Hard question, I'd have to say stories that give me inspiration or remind of what I'm attempting to do here would include The Maze Runner, A Wrinkle in Time, some of the work and tone established by Neil Gaiman - I don't like to make comparisons of my work to others simply because I'm not really qualified to do so and my work probably doesn't really measure up. Hopefully I'll get the chance for some others to make those comparisons for me at some point.

9. Who or What inspired you to write this book?
See #2 and #8 along with the constant inspiration of reading and watching the success of a handful of writers I'm proud to be a fan of, garner insight from, and/or to call friends.

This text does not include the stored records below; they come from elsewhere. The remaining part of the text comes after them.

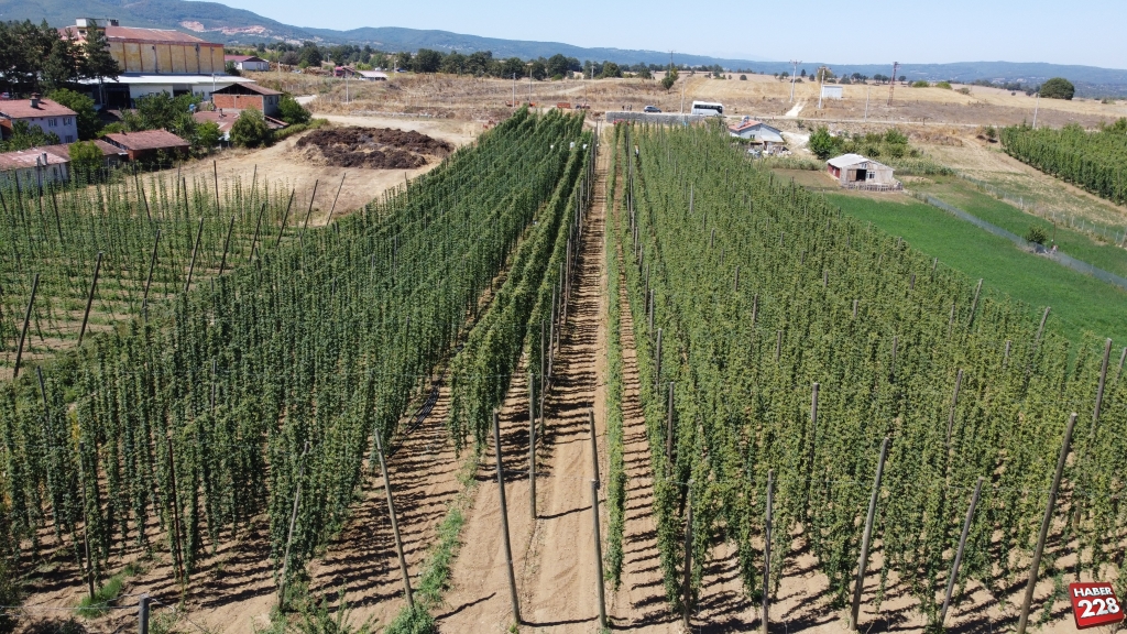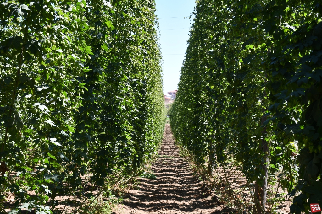 Çok yıllık endüstriyel bir bitki olan şerbetçiotunun, ilçedeki yaklaşık 1400 dekarlık alanda “aroma”, “brewers gold”, “Erciyes”, “Ege” ve Pazaryeri” cinslerinin üretimi yapılıyor.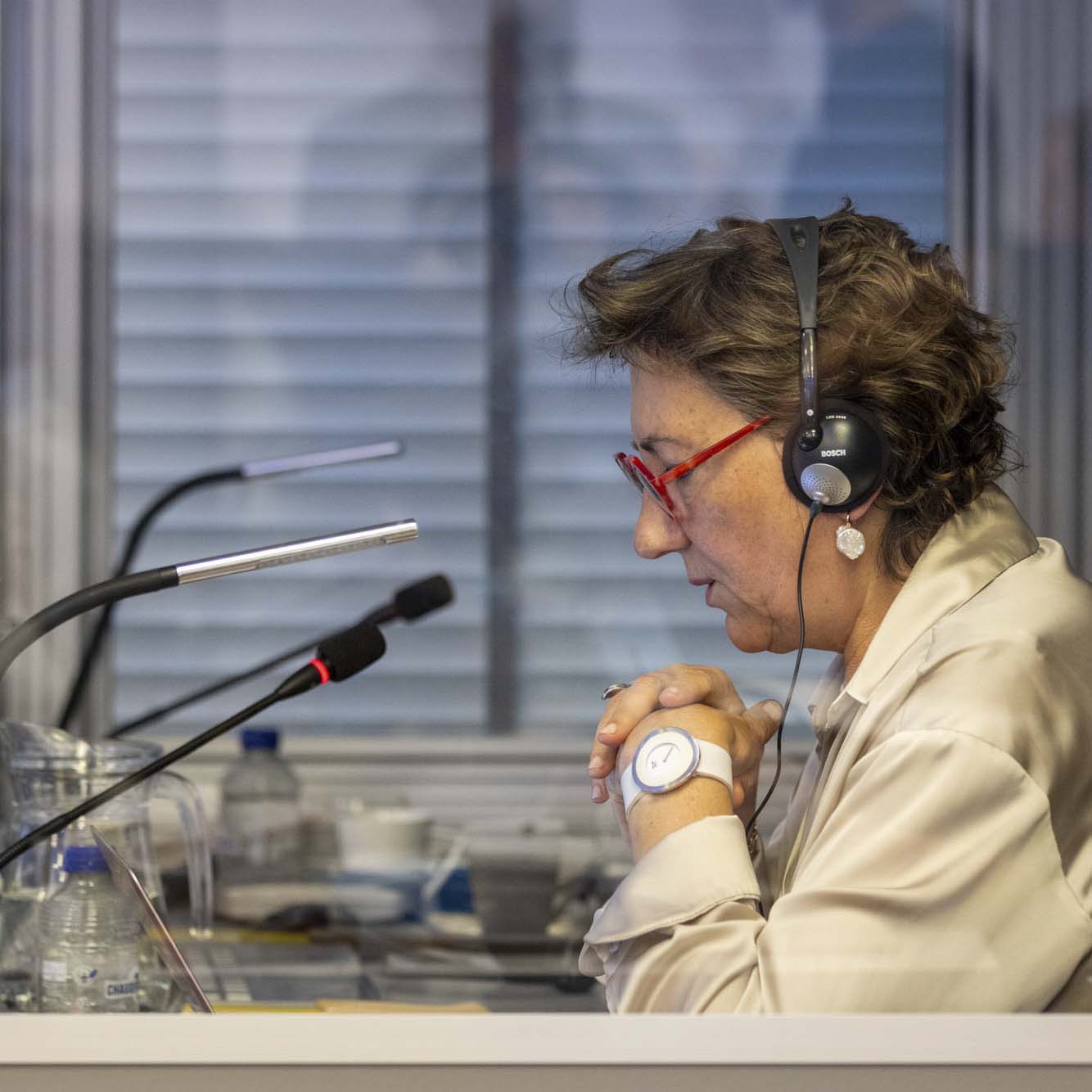 In simultaneous interpreting, interpreters often work from a soundproof booth, observing and listening to the proceedings while interpreting in real time. Participants can listen in their preferred language via headphones or online.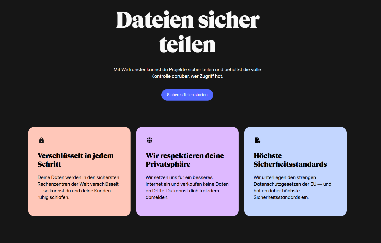 WeTransfer wirbt zwar dafür, dass die Daten sicher bleiben, nicht an Dritte verkauft oder für KI-Trainings genutzt werden… Allerdings sollte man das nicht gleich als Freipass verstehen. Illegale Inhalte werden moderiert und können gelöscht werden, mit entsprechenden Konsequenzen (siehe AGB).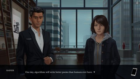 In general, Eliza is very well-written, with characters flawed and strong in equal measure, and a story that doesn’t deliver itself to you chewed and digested. Its only flaw is that Evelyn seems to suffer from Commander Shepard syndrome, as everyone praises her programming skills and inventiveness, yet nothing in the game shows that in action. The game is also very short – in the afternoon it takes to finish it, you’ll likely be left wanting more. Especially since it discusses a lot of interesting topics that games rarely explore, such as socioeconomic alienation, the predatory nature of work culture, big data’s growing role in society, and much more.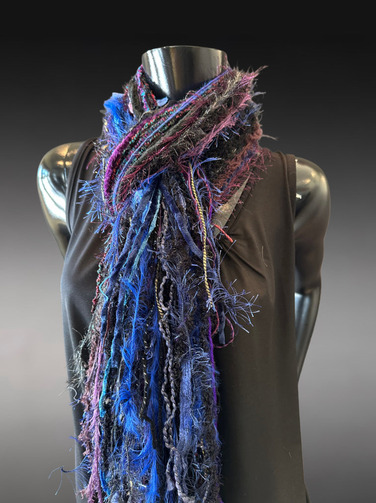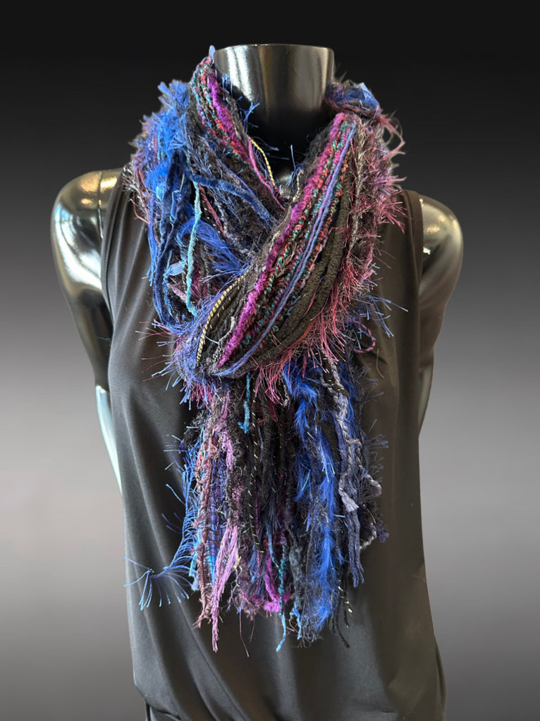 A gorgeous fun casual colorblend with great textures! Snuggly soft! Perfect for all season wearing, and great for fall and winter warmth! These are not knit or crocheted or sewn. Approximately 25+ different artistic andd novelty fibers hand-tied into a wonderful all-fringe scarf.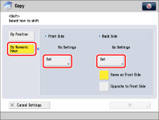 - (numeric keys).The values for the back side can also be automatically set by selecting [Same as Front Side] or [Opposite to Front Side].

10. What else about your book might pique the reader's interest?
Here's a bit of a short synopsis, hopefully it gets potential readers (and agents) wanting more...
Newton Farmer is the stereotypical college freshman, full of angst, quick to fall in love, and in a hurry (with just about everything), that is until the day his world falls apart. Now on his own, his parents the victims of an unfortunate accident, the girl of his dreams unable to cope with his sudden change of circumstances and the discovery that everything he knew about his family may be a cobweb of deception and half-truths, Newton has little to cling to at the moment Barnum Blackwell happens to walk into his life.
Blackwell has a proposition for Newton, one that seems ludicrous, fantastical, and more importantly impossible. Rather than argue this point or that, Blackwell simply leaves his calling card and the words, “Meet me when you’re ready.” Newton looks at the card in his hand and it simply reads:

Barnum Blackwell
99 Lafayette Parkway

Lifting his eyes to find the spot Blackwell was sitting now empty, Newton chalks the experience up to some campus crackpot with nothing better to do. But as the days pass, curiosity gets the better of Newton and what is intended as little more than a drive-by taxi ride investigation becomes the start of something unexpected, an adventure that will change everything about everything.
* * *

It seems that many of the writers I've reached out to have previously been solicited to participate in this little internet experiment, so as I look to add a few names to the fold over the coming days (with posts to appear on their own sites around December 19th) before disappearing back into the etherous pixels of the internet, here a few posts related to The Next Big Thing you can check out now:

John Hornor Jacobs - if you haven't read any of John's novels yet you need to do so immediately, if for no other reason than to be fully prepared for his upcoming YA novel The Twelve Fingered Boy. John is equal parts awesome, inspiration, good whiskey, rock-n-roller, zombie expert, and friend.

Matthew Salesses is a literary phenom, he's had editorial stints at Good Men Project and Redivider, and is the author of more outstanding stories than I can recount. 

Kevin Lucia - I met Kevin several years back at Borderlands Boot Camp, he wrote a ridiculously good story (mine, not so much). Also, he's more awesome than you can shake a stick at.